Sirva para concluir este artículo una vieja y conocida anécdota:

«Un maestro y un discípulo caminaban juntos. Al llegar a un río, el maestro pidió al discípulo que sacara un canto rodado del río, una piedra. El discípulo intentó sacar la más grande. Y, chorreando, la depósito en tierra. El maestro esperaba en la orilla con una herramienta para picar piedra, y partió en dos el fragmento extraído.” ¿Qué observas?” Preguntó al avispado alumno. “Maestro, -respondió-, esta roca habrá estado en medio de la corriente cientos y cientos de años, pero sólo su superficie está mojada»

Así puede pasarnos con las cosas de Dios, y por supuesto con los misterios de María.
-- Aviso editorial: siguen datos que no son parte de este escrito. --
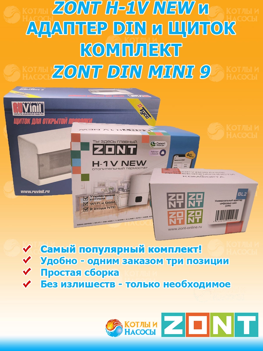 ZONT H-1V NEW и Универсальный адаптер цифровых шин DIN и модульный щиток Комплект ZONT DIN MINI 9

Tal vez los hemos escuchado cientos de veces, pero sólo han entrado en nuestra cabeza; mientras que nuestro corazón no se ha empapado de la fortaleza vital que contienen.

Dirijamos nuestra oración al Espíritu Santo, para que acuda en nuestro auxilio y nos ilumine para poder llegar a percibir esas cosas sutiles, que de momento permanecen ocultas a nuestro entendimiento:

Espíritu Santo
que llenaste de plenitud nuestro mundo
y todos nuestros anhelos
al hacer posible la venida de Jesucristo;

Espíritu de fecundidad
que por medio de una mujer-virgen, la nueva Eva,
hiciste posible el nacimiento de Jesucristo,
concédenos que, como María, y su casto esposo san José,
acojamos al enviado,
para que, creyendo en Él,
seamos de verdad Hijos de Dios
y colaboradores activos en la transformación de nuestra historia
mediante las obras nuevas de tu Reino.
Por Jesucristo nuestro Señor.

Inspirado en libro:”En el misterio de María”, de Raúl Berzosa Martínez de la Colección Nueva Alianza Minor de Editorial Sígueme, Salamanca 2006.